Each family is represented as a derivational graph. The attributes of a node is a lexeme and its part of speech. An edge thus corresponds to a derivation between two lexemes, and is described by the orientation (direct, indirect, or undecidable) and the morphological pattern (e.g. X-Xeur). Currently, D´emonext contains 25,444 families. For each family, we also define “fingerprint”, which is a graph having identical structure as the family’s derivational graph but without the lexemes. Consequently, several families can share the same fingerprint. Among 25,444 families, there are 6,657 unique fingerprints. We applied FCA, more specifically AOC-poset (partially ordered set of attribute-object-concepts), to obtain the poset of families and fingerprints.

Figure 1: AOC-poset (in black) and the fingerprints (in blue).

An example of AOC-poset from five families is shown in Figure 1. We see that f1 “grows” by adding an indirect X-X derivation to become f2 or by adding two derivations to become f3. From the poset in Figure 1, we can observe the relation among families. The family cramer (with only one derivation cramerVcramageN) and the family roder (with only one derivation roderVrodageN) share the same set of derivations. These two families are less complex than haubaner and jaunir. Finally, the derivations of ajouter is a combination of the derivations of haubaner and jaunir.

By exploring the poset and the number of families corresponding to each fingerprint, we can detect anomalies (missing or false derivations). An example of a missing derivation that we found is that of the family orpailleur, which has only two lexemes orpaillageN and orpailleurN, and an indirect derivation between them. This is considered an anomaly since many families having that derivation also contain a verb. We then propose the addition of the lexeme orpaillerV and the corresponding derivations.

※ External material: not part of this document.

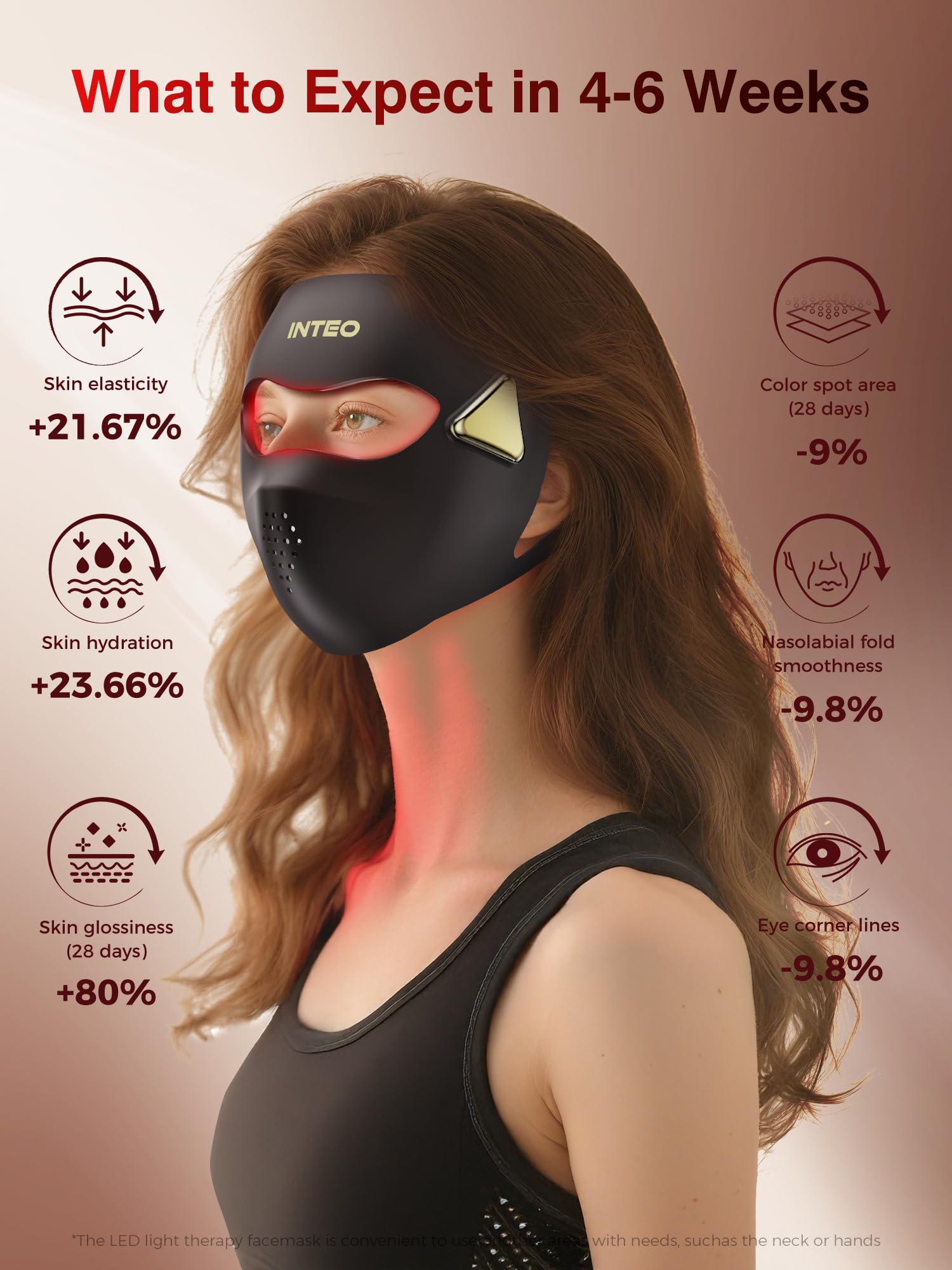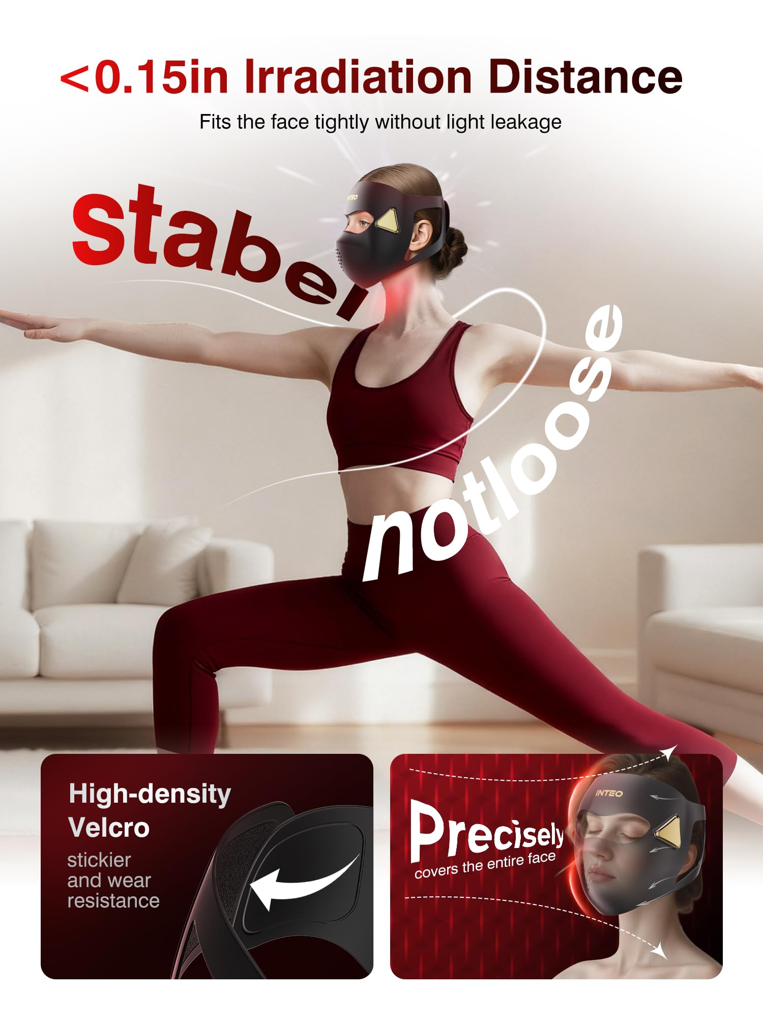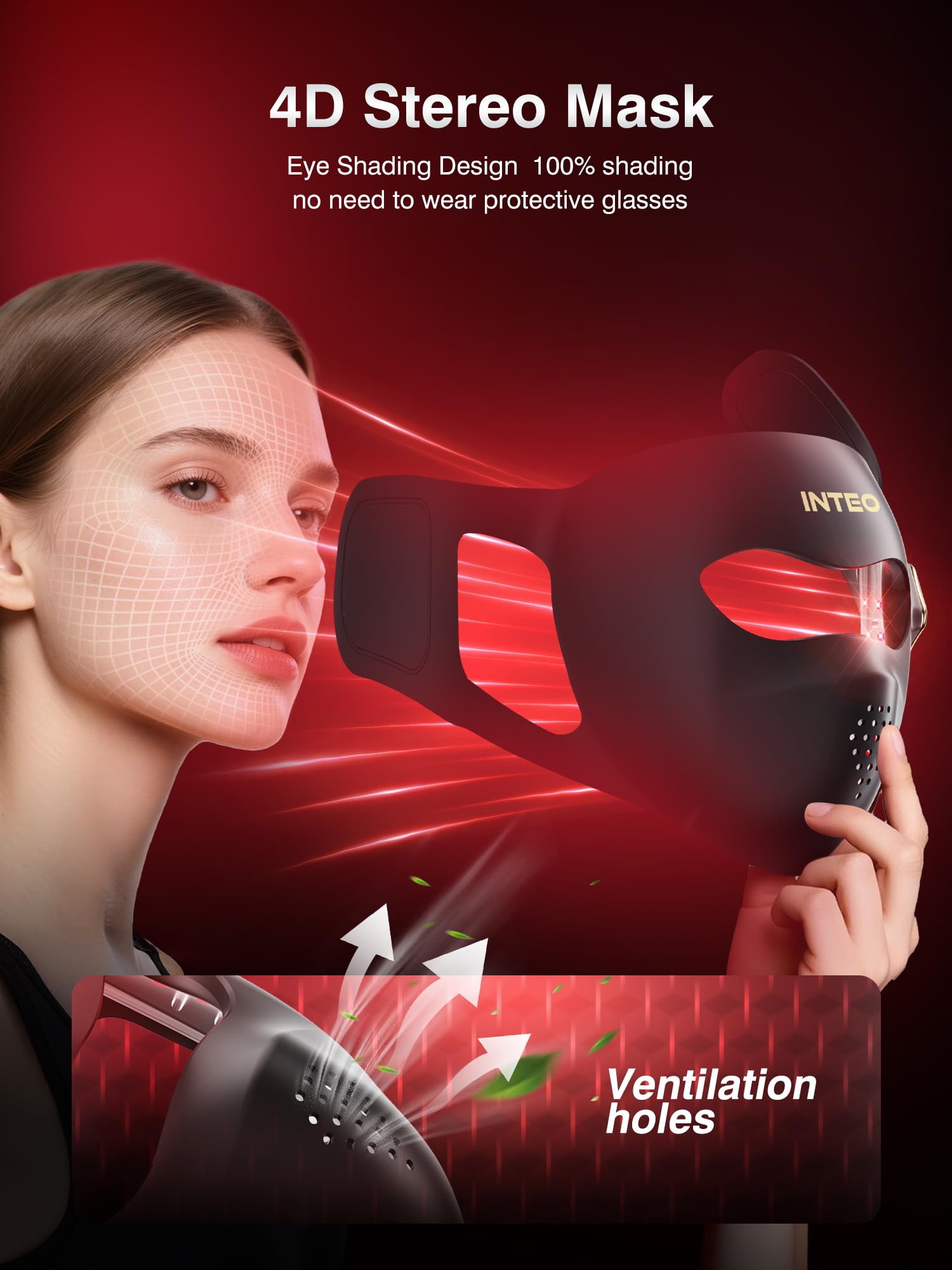 【4D Fit, Breathable Led Face Mask】We've redefined comfort! The 4D curved design of the led mask is ergonomically designed to perfectly adapt to various facial contours, ensuring even light coverage. Design with ventilation holes significantly enhances air circulation of red light mask, ensuring a comfortable wear even for extended periods.The specially designed built-in soft eye protection pad gently hugs the eye area, blocking glare, allowing you enjoy your red light therapy with peace of mind.

Furthermore, we observe a case of possibly false derivations in the family détracter. This family has two direct X-Xion derivations : détracterV → détractionN and détracterV → détractationN, while several other families contain only one X-Xion from a verb. However, we found that certain families have extra valid derivations for different spelling, e.g. essuyement-essuiement, débuscage-débusquage, etc., which should not be regarded as incorrect derivations.

These findings were presented to linguists to be validated. We built a web application which can be accessed via https: // We visualize the family having anomalies and a “normal” family side-by-side, to facilitate the linguists in deciding whether there are actually missing or incorrect derivations.